Court Opinion

ID: 5039761
Source: CourtListenerOpinion
Date Created: 2021-10-01 06:30:53.02957+00
Date Added: 2024-06-11T08:18:33.216505
License: Public Domain

HUMPHREYS, Justice
(concurring).
I concur in Justice Chattin’s opinion. It is sound in law and just in result.
Another ground on which the same result can, and I think should, be reached, is that this is required because of the stipulation entered into by State Farm that Price “is entitled to recover damages from State Farm unless the Court holds his claim is barred by the one-year statute of limitations provided by T.C.A. § 28-304”, and the insurer’s agreement to arbitrate.

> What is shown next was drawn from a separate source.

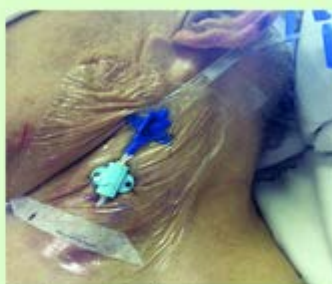
Curativo posterior; filme transparente. Permanência máxima: 7 dias 1º opção de fixação - Dois pontos na presilha + dois pontos no Y

In this state of affairs the issue becomes, not whether the one-year statute has run, *725which only applies to a suit on the tort, but, whether on this confession of its liability and its agreement to arbitrate, equity should hold State Farm to its bargain. I think it should
I am not unmindful of the provision of T.C.A. § 56-1153 respecting arbitration,1 nor of what was said in Glover v. Tennessee Farmers Mutual Ins. Co., Tenn., 468 S.W.2d 727. Glover, however, had nothing to do with arbitration, and, although it took notice of the statute provision in regard thereto, it did not attempt to. interpret the statute. So, we are free to do' that here. The statute must mean, since it simply provides that uninsured motorist provisions shall not require arbitration, and that the insured shall not be prevented by arbitration provisions from employing counsel and instituting suit, that such an arbitration provision cannot be made a condition precedent to suit. Having in mind that the purpose of this provision of the statute is to prevent the use of arbitration agreement provisions to prevent a suit by the insured under the general statute, there is no reason to hold that the statute prevents the insured from suing for and receiving the benefits he would have received if he had received the arbitration the insurer provided for. In sum, I hold that T.C.A. § 56-1153 does not deny the insured the right to the arbitration the insurer has agreed to afford him, and, when this right is denied by the insurer he may have its equivalent in court; and that as to this, the statute of limitation is six years. Schlief v. Hardware Dealers Mutual Fire Ins. Co., 218 Tenn. 489, 404 S.W.2d 490.
DYER, C. J., CHATTIN and McCANLESS, JJ., and COOPER, Special Judge, concur in this opinion.